Snyder On “Sucker Punch” Director’s Cut

Warner Bros. Pictures

Filmmaker Zack Snyder recently participated in an interview on Letterboxd about his divisive and ambitious 2011 fantasy action movie “Sucker Punch” at Warner Bros. Pictures.

A critical and commercial bomb, the film scored just 22% on Rotten Tomatoes and grossed just $89 million worldwide.

Emily Browning starred as a young woman committed to a mental institution whose imagination creates a dream heist to let her escape imprisonment.

Abbie Cornish, Jena Malone, Vanessa Hudgens, Jamie Chung, Carla Gugino and Oscar Isaac co-starred. Snyder says he understands the reactions the film scored and how it does have its supporters out there:

“It was a very polarizing film. To be frank, the people I’ve run across who’ve come to me and said ‘Sucker Punch is my favorite movie’ are normally angsty teenage girls. It’s like a Morrissey song or something.

I feel like the main criticism of the film was that it was too exploitative. People took the movie as if the girls fighting and all that stuff was the movie. I found that slightly disheartening.”

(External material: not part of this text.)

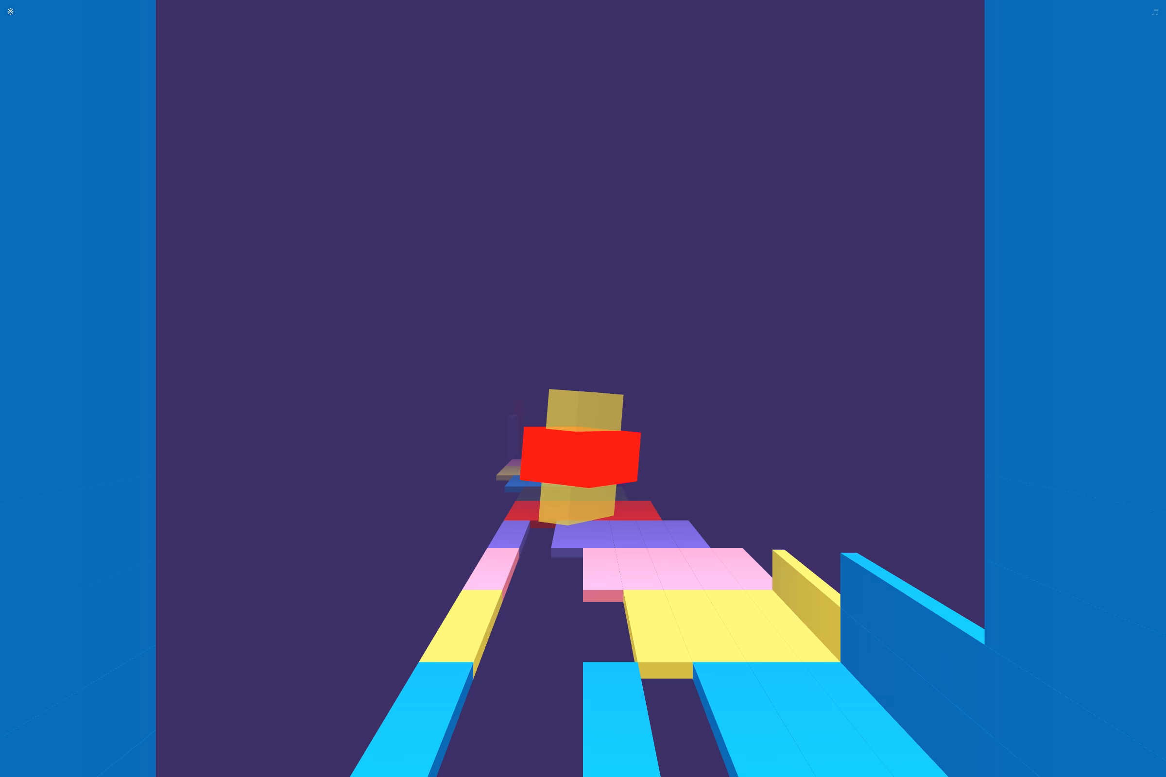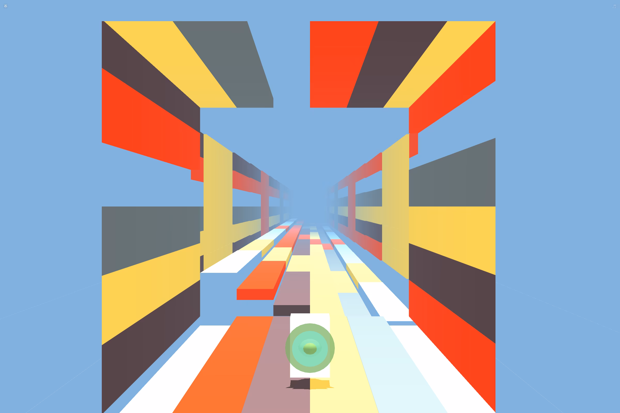 The game-objective is straightforward: you accelerate and try and stay on the road, if you miss a jump or a turn, you crash! The script determines the properties of your spaceship, acceleration, handling and max speed, as well as the map layout, including difficulty, color composition, and available power ups.

He says certain scenes were cut that made it more overt that the film’s tone was a “self-aware, self-reflexive audience observing the movie.” He also revealed he still hopes to release a director’s cut for the movie one day:

“You’ll get to see it at some point, I’m sure. I hope. I’ve never gotten around to doing the director’s cut. I still plan to at some point.

But in the original ending, when Babydoll is in the chair in the basement with Blue — she’s already been lobotomized — when the cop shines the light on her, the set breaks apart, and she stands up, and she sings a song on stage.

She sings, ‘Ooh, Child, things are gonna get easier. Blondie, and all the people that have been killed, join in, and it’s the idea that, in a weird way, even though she’s lobotomized, she’s kind of stuck in this infinite loop of euphoric victory.

It’s weirdly not optimistic and optimistic at the same time. That’s kind of what the tone was at the end. We tested it, and the studio thought it was too weird, so we changed it.”

“Sucker Punch” is set to have a 20th-anniversary screening at New York City’s IFC Center this coming weekend.